And Now, Walt Whitman's Advice For People Who Sit At Desks All Day
To you, clerk, literary man, sedentary person, man of fortune, idler, the same advice. Up! The world (perhaps you now look upon it with pallid and disgusted eyes) is full of zest and beauty for you, if you approach it in the right spirit! Out in the morning! If in the city, even there you will find ample sources of amusement and interest in its myriad varieties of character and occupation—in the scenes of its awakening and adjusting itself to its daily labors—in the crowds around its ferries, and all through its main thoroughfares, and at its great depots and markets. Do not be discouraged soon. Give our advice a thorough trial—not for a few days or weeks, but for months.

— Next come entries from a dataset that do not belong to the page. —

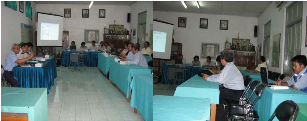
Caption: Health coordination meeting at Municipal Health Office
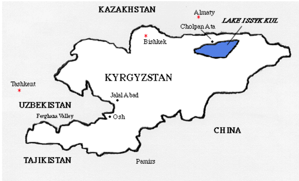
Map of the Republic of Kyrgyzstan
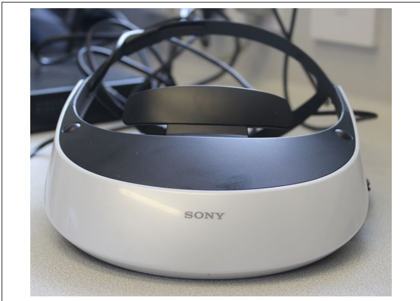
Figure 4. The VR headset used in Study 2.
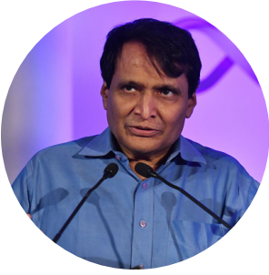
Mr. Suresh Prabhu Former G7 Sherpa, Member of Parliament, and Chancellor Rishikood University
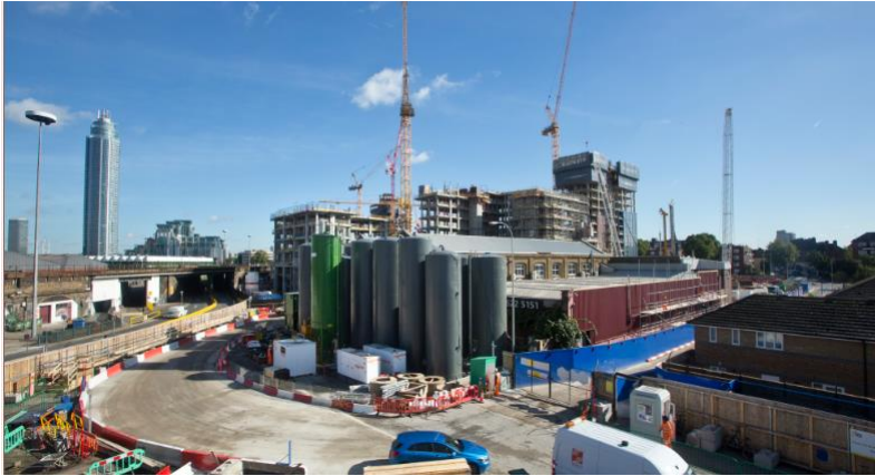
1) Bentonite Plant
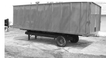
#3045A - (2) New 18' TTT steel farm box, 10-ga. floor, 62" sides, air tailgate, frt. post hoist, call.
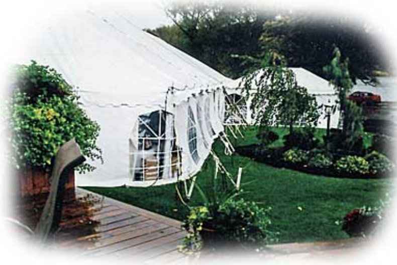
60' x 80' pole tent with 14' x 20' entrance tent No. 220
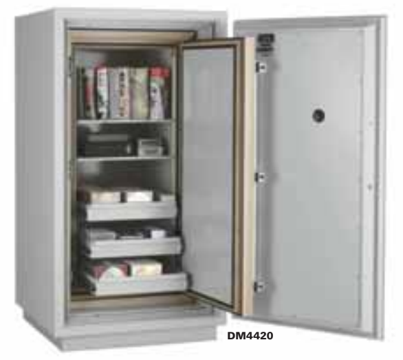
Safe shown with Composite Drawers and Fixed Shelves (sold separately).
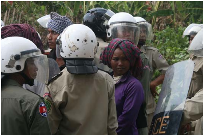
A woman stands among police officers attempting to stop Amleang villagers from reaching the court in Kampong Speu.

After the hearing the public prosecutor told them Senator Ly Yong Phat was too powerful to resist, because "half of the country owes him favors".
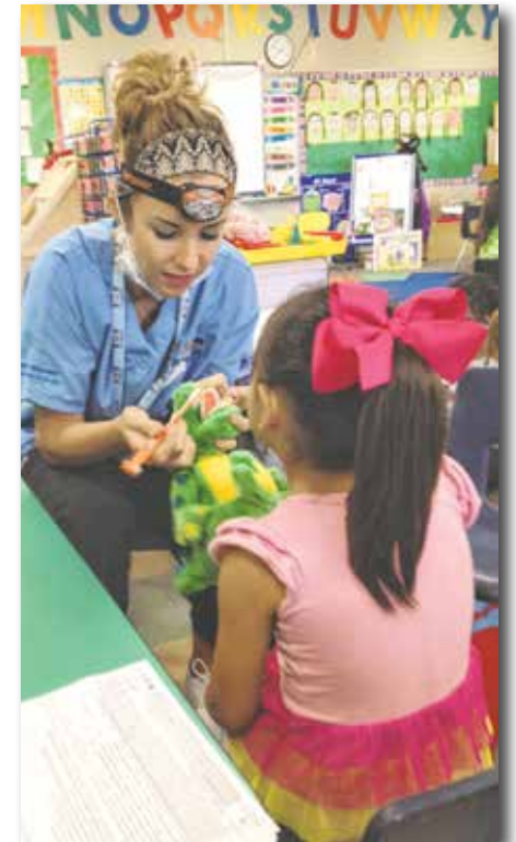
Teaching a child the proper way to brush her teeth.
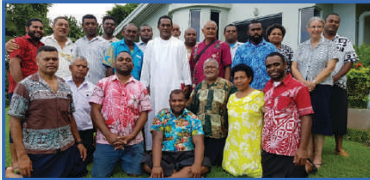
A time for prayer during Covid-19

The prayer centre is an oasis for the people of Suva and this is especially so during the time of Covid-19. After the initial shock of lockdown in the first part of the year, there was an increasing demand for retreats and days of reflection. People from all parts of the community were seeking spiritual nourishment, including families, lectors and Eucharistic ministers, lay people, priests and religious. The ministry of meditation in schools also continued during 2020.
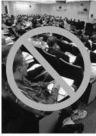
Image on the Web site of the National Center for Academic Transformation (NCAT)

TCCTA hopes to utilize its new blog feature on the association’s Web site to begin an ongoing conversation on this issue. Readers are urged to post comments and questions in a special effort to stimulate thought and discussion. ☆

Early rising, early to bed, exercise, plain food, thorough and persever- ing continuance in gently-commenced training, the cultivation with resolute will of a cheerful temper, the society of friends and a certain number of hours spent every day in regular employment— these, we say, simple as they are, are enough to revolutionize life, and change it from a scene of gloom, feebleness, and irresolution, into life indeed, as becomes such a universe as this, full of all the essential means of happiness, full of well-intentioned and affectionate men and women, with the beneficent processes of nature always at work, the sun shining, the flowers blooming, the crops growing, the waters running, with all else that is wanted, only that man should be rightly toned to partake of the universal strength and joy. This he must do through reason, knowledge and exercise—in short, through training; for that is the sum of all.
— excerpted from the recently discovered NewYork Atlas, Sept. 12, 1858: MANLY HEALTH AND TRAINING, WITH OFF-HAND HINTS TOWARD THEIR CONDITIONS BY MOSE VELSOR (Née Walt Whitman).